• Exercise requirements
Reproduce the entries shown below only from the line with "Selling a dollhouse" down to the line with "Сочный гамбургер, подаваемый", keeping both end lines and copying each one exactly.

• Recorded information
= Beginning of Section =
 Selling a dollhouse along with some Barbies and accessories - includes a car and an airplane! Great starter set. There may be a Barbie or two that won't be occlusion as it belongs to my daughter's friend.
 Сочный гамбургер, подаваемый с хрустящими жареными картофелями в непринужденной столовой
= End of Section =
= Beginning of Section =
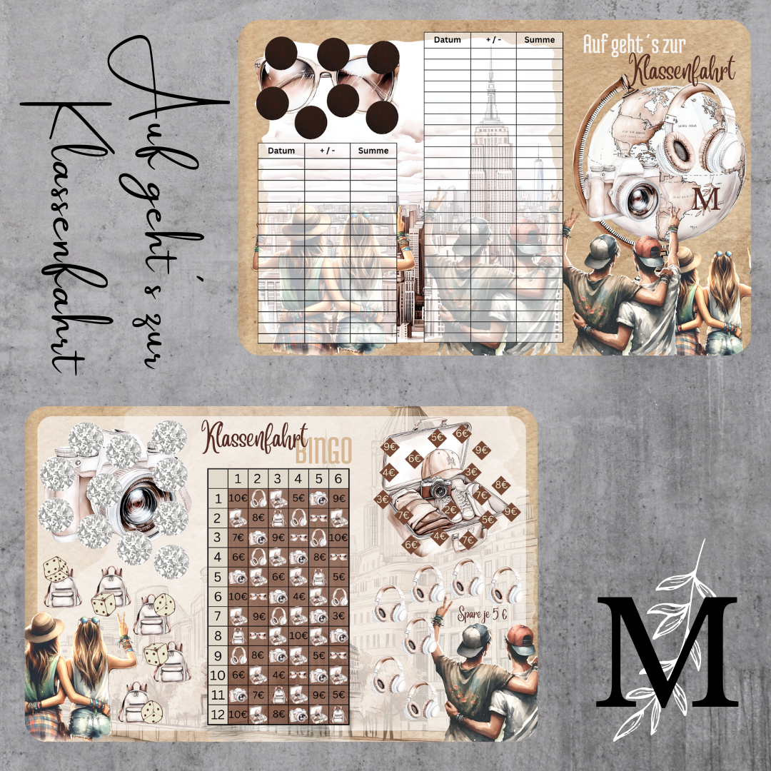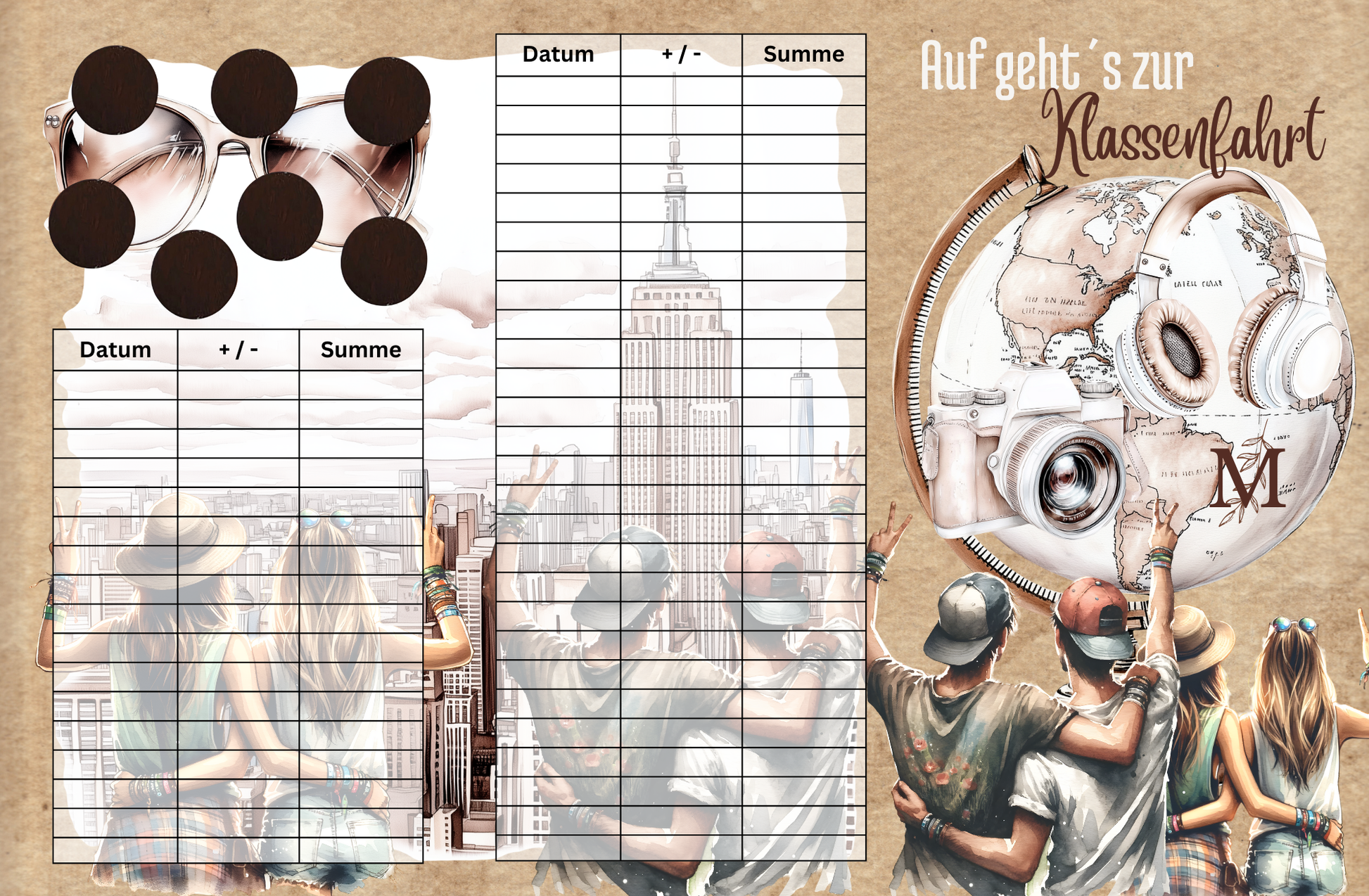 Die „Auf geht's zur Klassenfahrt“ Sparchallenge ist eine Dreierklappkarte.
= End of Section =
• Finished task
 Selling a dollhouse along with some Barbies and accessories - includes a car and an airplane! Great starter set. There may be a Barbie or two that won't be occlusion as it belongs to my daughter's friend.
 Сочный гамбургер, подаваемый с хрустящими жареными картофелями в непринужденной столовой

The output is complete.